None of this satisfied Cohen and Wyss. Both worried that Gore and Bush were committing the whole non-Social Security surplus to being given away in tax cuts or spending programs. Wyss in particular asserted that Standard & Poor's long-range forecasts show that when "we get out 25 years we have a real problem making this economy function" because of the enormous strain that baby-boomer retirements will continue to put on Social Security, Medicare and other entitlement programs. He fears that neither the Bush nor the Gore program would save enough of the surpluses to begin building reserves adequate to deal with this threat.
"OFF TRACK" ON TAXES
Reischauer too is not wholly satisfied with either program. Both candidates are "off base" on taxes, he says. He would prefer a tax plan that would move back toward the low-rate, broad-based, simplified reform that Congress enacted in 1986 and then began pulling apart again.

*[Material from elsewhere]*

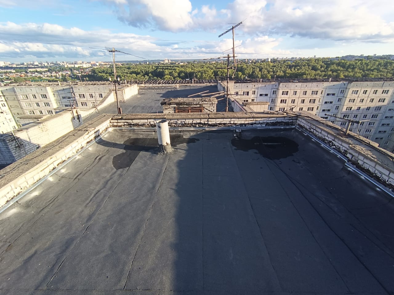 Произведен ремонт кровли над шахтой лифта

But Reischauer adds a more cheering thought: "If three years ago we could have looked at the conversation we are having now, we would have said, 'What are these people complaining about?'" He and Feldstein are especially cheered by the prospect of paying down the national debt by at least $2.4 trillion over the next 10 years. Feldstein calculates that would reduce the debt to less than 10% of gross domestic product--a ratio that "hasn't been seen in any of our lifetimes."
In other words, neither the Bush nor the Gore program may be ideal--but even the most intense partisans cannot call either a prescription for disaster.